От этой глухой, даже без собачьего лая, тишины пьяному Савке на миг стало как-то не по себе. За все свои сорок три года он не помнил таким родное село. Ни оДной живой весточки не долетало сюда из окружающего мира - ни письма, ни газеты, ни слова по радио. Будто находилось это село на необитаемом острове посреди океана, да еще огородили его кругом глухой стеной. И ни одного слова правды о том, что происходит во всем перекореженном свете!

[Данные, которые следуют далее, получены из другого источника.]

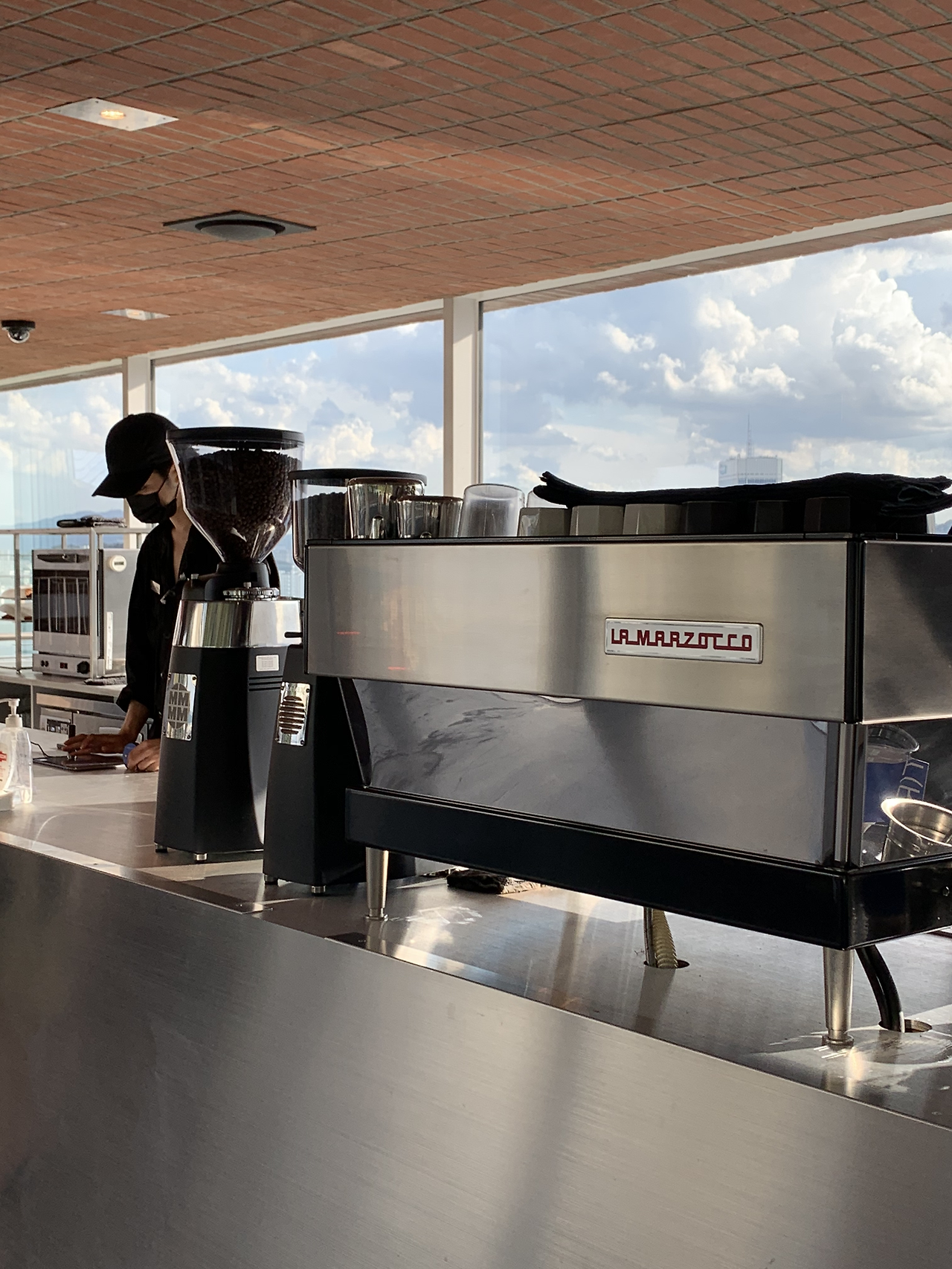 1층에서 주문을 하고, 2/3/4층을 이용할 수 있는데 4층은 루프탑이다. 주문을 하는 공간에도 창밖의 환상적인 풍경이 깔려 있었다. 음료 메뉴는 아메리카노, 라떼(바닐라/블랙), 플랫화이트 등의 기본적 구성과 더불어 에이드, 와인, 맥주, 위스키 등이 마련되어 있었다. 디저트는 크루아상&버터와 치즈구이 그리고 멜론 프로슈토 등이 있었다. 나는 오트 밀크를 추가한 아이스 라떼를 주문했다. 라떼는 산미가 강한 편으로, 오트 밀크 특유의 가벼운 바디감과 잘 어울렸다.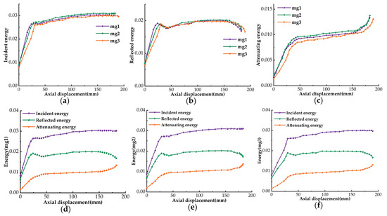 The stress wave energy change curve during bolt tension. (a) Incident energy change curve; (b) Reflected energy change curve; (c) Attenuated energy change curve; (d) mg1 energy change curve; (e) mg2 energy change curve; (f) mg3 energy change curve.

Только свист ветра в оборванных проводах, свисающих с покосившихся, вывороченных из земли телеграфных столбов.

Конец ноября сорок первого года. Очень короткий день, очень долгая и глухая ночь. И время самое глухое, самая глухая ночь гитлеровской оккупации на Правобережье. Ночь, в которую не по себе бывало и не таким людям, как Савка Горобец.

Ни десять километров, которые одолел он часа за два нетвердыми своими ногами, ни крепчавший с каждой минутой мороз так и не протрезвили Савку.

Хмель накатывал на него волнами. В голове то совсем затуманивалось, то вдруг прояснялось. Каждая новая волна смывала, уносила куда-то отрывочные, не связанные друг с другом клочки мыслей и приносила вместо них другие, такие же беспорядочные и быстротечные.

И только одна мысль твердо держалась в голове, всякий раз упрямо выныривая из мутных волн. То, что лежало на сердце, не давало ее смыть, грело грудь, будоражило все его существо.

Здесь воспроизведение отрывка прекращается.